From the 911 Commission Report. It appears that the evacuation of the WTC went amazingly well:
The National Institute of Standards and Technology has provided a preliminary estimation that between 16,400 and 18,800 civilians were in the WTC complex as of 8:46 AM on September 11. At most 2,152 individuals died at the WTC complex who were not (1) fire or police first responders, (2) security or fire safety personnel of the WTC or individual companies, (3) volunteer civilians who ran to the WTC after the planes' impact to help others, or (4) on the two planes that crashed into the Twin Towers.... Of this number... 94.64 percent either worked or were supposed to attend a meeting at or above the respective impact zones.... These data strongly suggest that the evacuation was a success for civilians below the impact zone.
Something for the Port Authority, the FDNY, the PAPD, and the NYPD to be very proud of.

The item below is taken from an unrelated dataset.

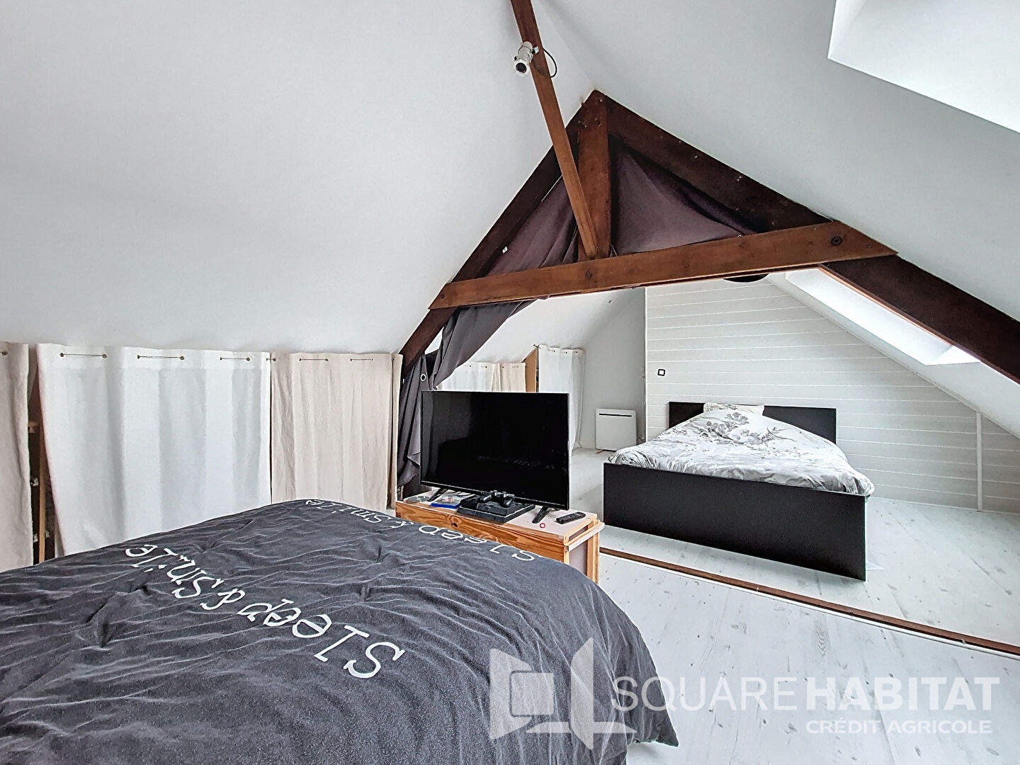 - Deuxième étage : une grande chambre de 25 m² au sol.

Posted by DeLong at August 1, 2004 05:19 PM | TrackBack | | Other weblogs commenting on this postLet's not forget the late Rick Rescorla, who made sure that about thirty floors' worth of South Tower workers (from the 44th to 74th floors) were most of the way out of the building before the South Tower was hit, which undoubtedly made it much easier to evacuate everyone else.
http://www.medaloffreedom.com/RickRescorla1.htm
Posted by: RT on August 1, 2004 07:01 PMThe people who worked in the WTC should also be proud. They didn't panic and trample each other.
Posted by: Robert Waldmann on August 1, 2004 07:44 PMMe, and Rudy Giuliani, and everyone else with half a brain thought that 10,000 or more were likely to have been killed that awful morning, because we had no clue how much effort had gone into evacuation plans.
Meanwhile, jonah goldberg was kvetching just the other day about the irrelevancy of first responders to the "war" on terror (and, presumably, by extension, any other measures to mitigate actual terrorist attacks while we wait for a terrorist-free utopia to come into existence thanks to our invasion strategy).
Sometimes, the idiocy of the right wing is beyond imagination....
Posted by: howard on August 1, 2004 09:16 PMWho was the engineer who decided to reinforce the lighting in the emergency stairways after the first, failed terrorist attack? The evacuation could surely not have gone as well as it did without this, for it only takes one slip in the edark to start a panic.
Posted by: JamesW on August 2, 2004 02:59 AMAnd credit to the code authorities who make the rules that require enough exit stairs, architects who see them put into practice, structural engineers who make sure a building will stand for a time in fire, and fire marshalls and city code enforcement personnel who enforce all those rules.
Posted by: Randolph Fritz on August 2, 2004 10:04 AMWhy were there no helicopters to rescue those on the upper floors? It surprised me at the time, and the answer that I got then looks incorrect, since I've seen helicopter rescues at sea in storm conditions far worse than the smoke could be in the WTC.
DSW
Posted by: Antoni Jaume on August 2, 2004 10:52 AM> Why were there no helicopters to rescue those on the upper floors?
I would guess that nobody in a position to authorize such a rescue expected the building to fall, or to fall in less than an hour.
Posted by: Paul Callahan on August 2, 2004 10:58 AM> or to fall in less than an hour.
Correction: One tower stood for about an hour and forty minutes. In any case, I would expect that someone was trying to make a plan for how to evacuate the upper levels, but it probably assumed that the building would stay intact long enough and the fire could be extinguished.
I don't also don't think that flames and smoke can really be compared to storm conditions.
Posted by: Paul Callahan on August 2, 2004 11:08 AM>Who was the engineer who decided to reinforce the lighting in the emergency stairways after the first, failed terrorist attack? The evacuation could surely not have gone as well as it did without this, for it only takes one slip in the edark to start a panic.
That was a great idea. I had to evacuate during the blackout last summer, and there were no emergency lights in the stairwell. Even though it was a leisurely evacuation because nothing was on fire, it was awful trying to figure out how to get down 15 flights without a light. And my cell phone wasn't bright enough. Fortunately someone came down behind me with a flashlight.